● Task to complete: Repeat every record word for word and omit the images.

● Excerpted records:
▬▬▬▬▬▬
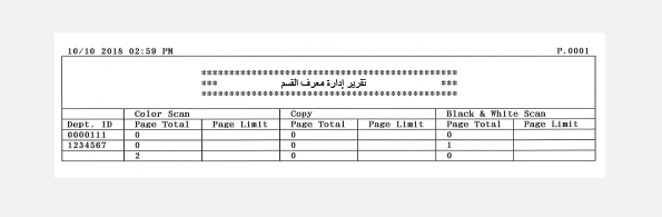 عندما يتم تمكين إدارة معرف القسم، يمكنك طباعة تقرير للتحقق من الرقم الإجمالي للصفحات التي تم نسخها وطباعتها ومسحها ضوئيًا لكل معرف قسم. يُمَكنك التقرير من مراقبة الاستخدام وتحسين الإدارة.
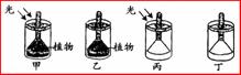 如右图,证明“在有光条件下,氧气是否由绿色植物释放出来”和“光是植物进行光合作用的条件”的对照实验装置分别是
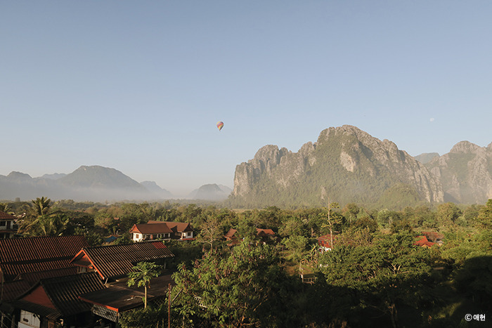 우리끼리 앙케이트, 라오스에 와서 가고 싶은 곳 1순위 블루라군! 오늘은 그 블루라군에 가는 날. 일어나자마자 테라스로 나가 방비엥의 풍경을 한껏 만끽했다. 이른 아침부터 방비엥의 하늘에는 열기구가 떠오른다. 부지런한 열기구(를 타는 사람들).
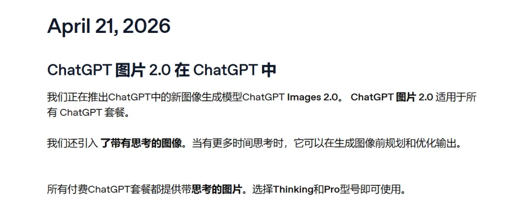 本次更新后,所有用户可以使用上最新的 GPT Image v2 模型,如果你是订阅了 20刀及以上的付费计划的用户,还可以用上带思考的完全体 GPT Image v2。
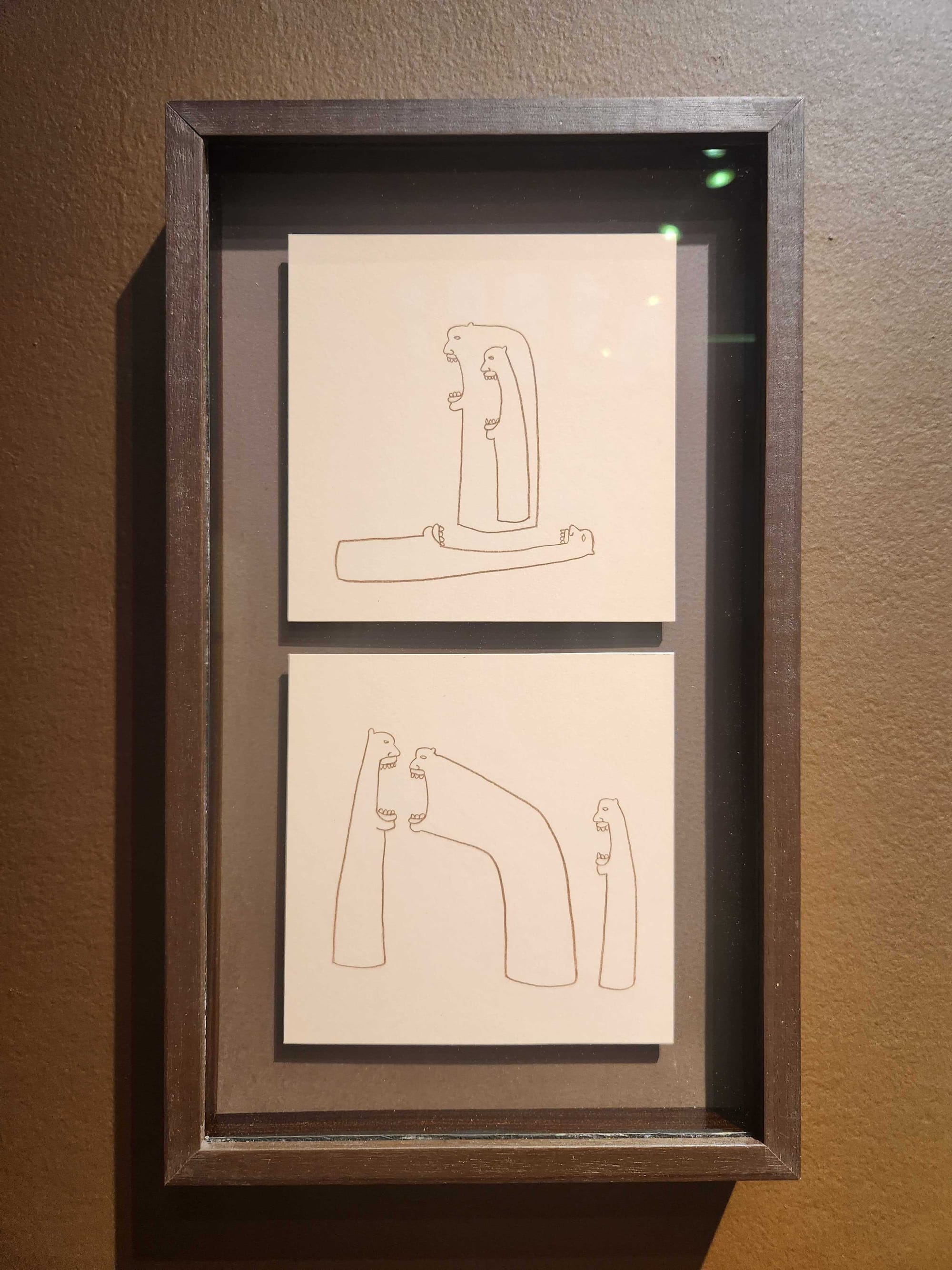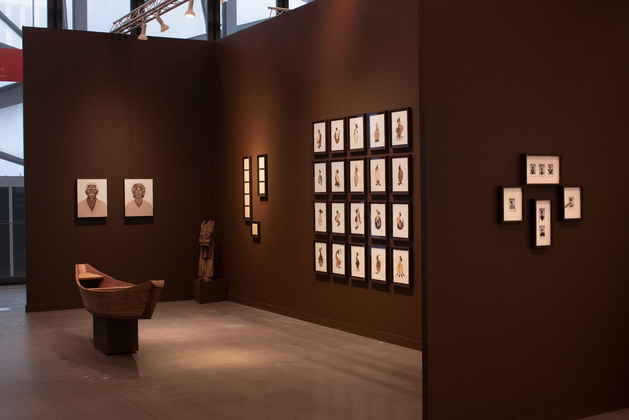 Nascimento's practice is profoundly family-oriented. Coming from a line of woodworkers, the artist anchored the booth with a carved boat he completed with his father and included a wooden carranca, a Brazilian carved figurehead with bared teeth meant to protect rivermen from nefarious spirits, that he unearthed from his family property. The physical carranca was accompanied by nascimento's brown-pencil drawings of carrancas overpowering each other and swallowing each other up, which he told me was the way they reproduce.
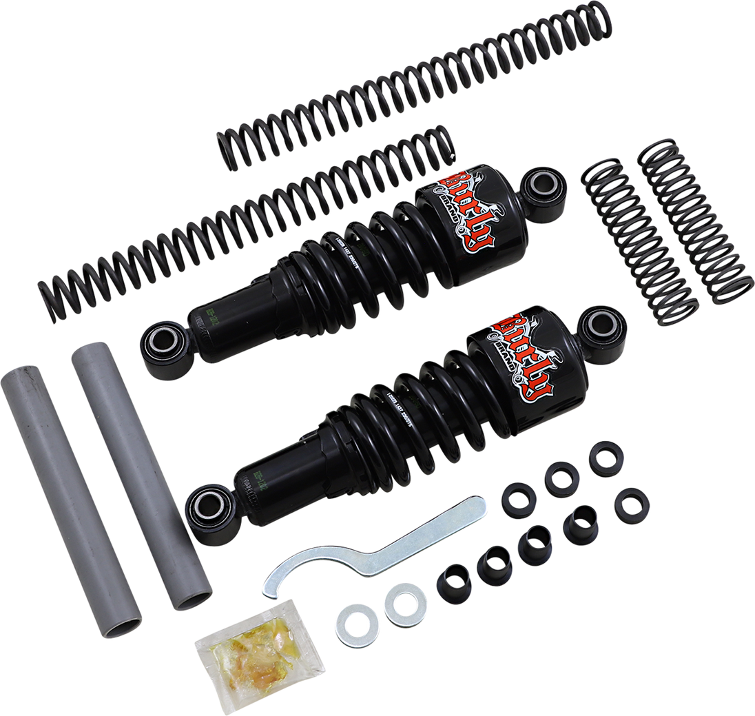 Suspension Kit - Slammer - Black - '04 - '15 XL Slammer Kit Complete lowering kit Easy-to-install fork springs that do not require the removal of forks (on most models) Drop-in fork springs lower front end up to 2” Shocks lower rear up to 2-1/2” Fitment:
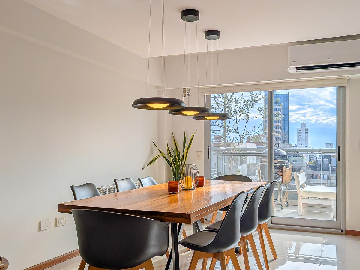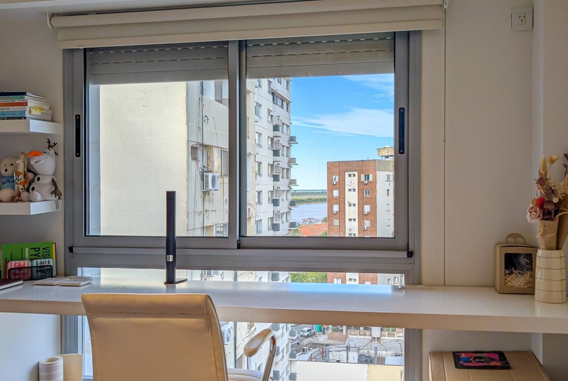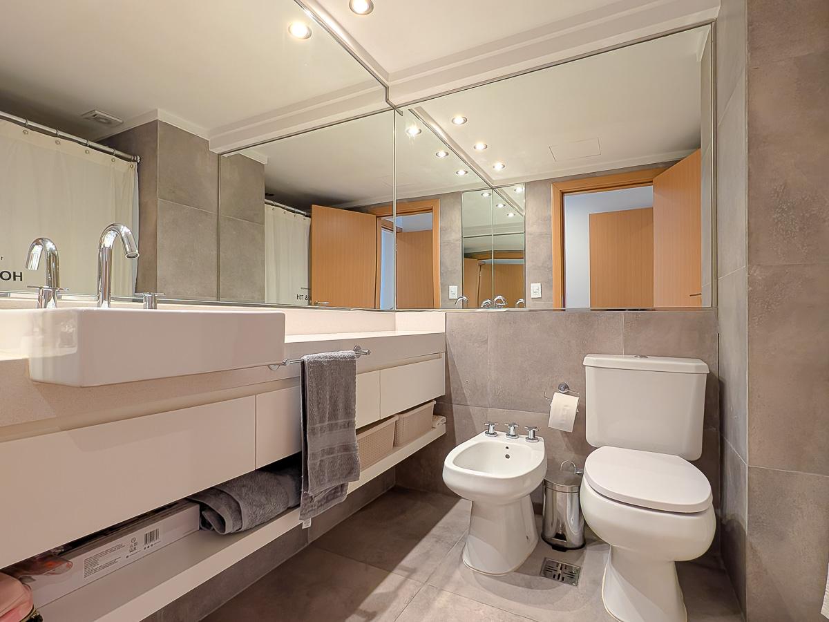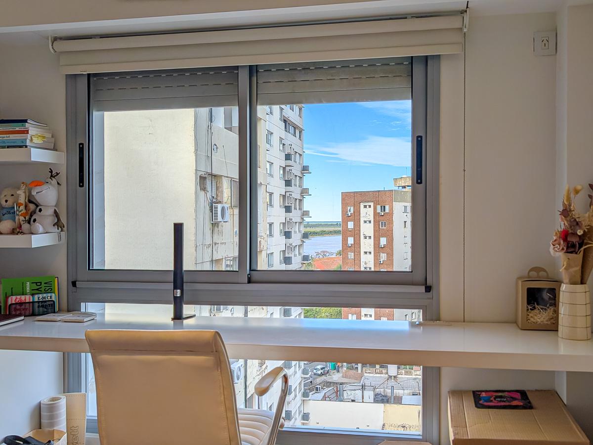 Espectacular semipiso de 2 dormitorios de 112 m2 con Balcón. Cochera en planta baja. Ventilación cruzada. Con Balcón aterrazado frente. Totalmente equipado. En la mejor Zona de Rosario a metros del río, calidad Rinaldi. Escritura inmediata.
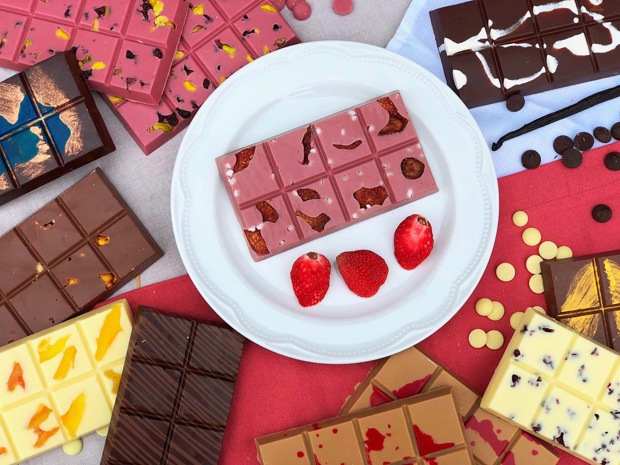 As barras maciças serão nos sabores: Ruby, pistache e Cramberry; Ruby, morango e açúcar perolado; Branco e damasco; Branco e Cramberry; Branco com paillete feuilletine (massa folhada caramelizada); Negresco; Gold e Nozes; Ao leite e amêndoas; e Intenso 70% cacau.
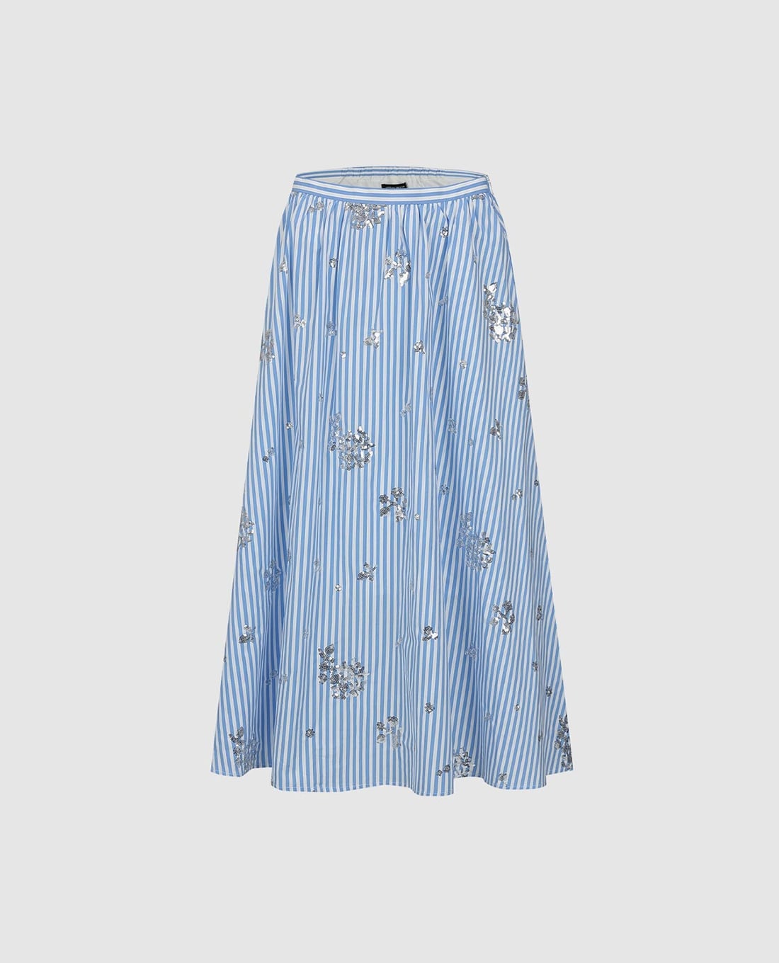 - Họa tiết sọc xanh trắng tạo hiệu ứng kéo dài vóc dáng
▬▬▬▬▬▬
● Problem solution:
 عندما يتم تمكين إدارة معرف القسم، يمكنك طباعة تقرير للتحقق من الرقم الإجمالي للصفحات التي تم نسخها وطباعتها ومسحها ضوئيًا لكل معرف قسم. يُمَكنك التقرير من مراقبة الاستخدام وتحسين الإدارة.
 如右图,证明“在有光条件下,氧气是否由绿色植物释放出来”和“光是植物进行光合作用的条件”的对照实验装置分别是
 우리끼리 앙케이트, 라오스에 와서 가고 싶은 곳 1순위 블루라군! 오늘은 그 블루라군에 가는 날. 일어나자마자 테라스로 나가 방비엥의 풍경을 한껏 만끽했다. 이른 아침부터 방비엥의 하늘에는 열기구가 떠오른다. 부지런한 열기구(를 타는 사람들).
 本次更新后,所有用户可以使用上最新的 GPT Image v2 模型,如果你是订阅了 20刀及以上的付费计划的用户,还可以用上带思考的完全体 GPT Image v2。
 Nascimento's practice is profoundly family-oriented. Coming from a line of woodworkers, the artist anchored the booth with a carved boat he completed with his father and included a wooden carranca, a Brazilian carved figurehead with bared teeth meant to protect rivermen from nefarious spirits, that he unearthed from his family property. The physical carranca was accompanied by nascimento's brown-pencil drawings of carrancas overpowering each other and swallowing each other up, which he told me was the way they reproduce.
 Suspension Kit - Slammer - Black - '04 - '15 XL Slammer Kit Complete lowering kit Easy-to-install fork springs that do not require the removal of forks (on most models) Drop-in fork springs lower front end up to 2” Shocks lower rear up to 2-1/2” Fitment:
 Espectacular semipiso de 2 dormitorios de 112 m2 con Balcón. Cochera en planta baja. Ventilación cruzada. Con Balcón aterrazado frente. Totalmente equipado. En la mejor Zona de Rosario a metros del río, calidad Rinaldi. Escritura inmediata.
 As barras maciças serão nos sabores: Ruby, pistache e Cramberry; Ruby, morango e açúcar perolado; Branco e damasco; Branco e Cramberry; Branco com paillete feuilletine (massa folhada caramelizada); Negresco; Gold e Nozes; Ao leite e amêndoas; e Intenso 70% cacau.
 - Họa tiết sọc xanh trắng tạo hiệu ứng kéo dài vóc dáng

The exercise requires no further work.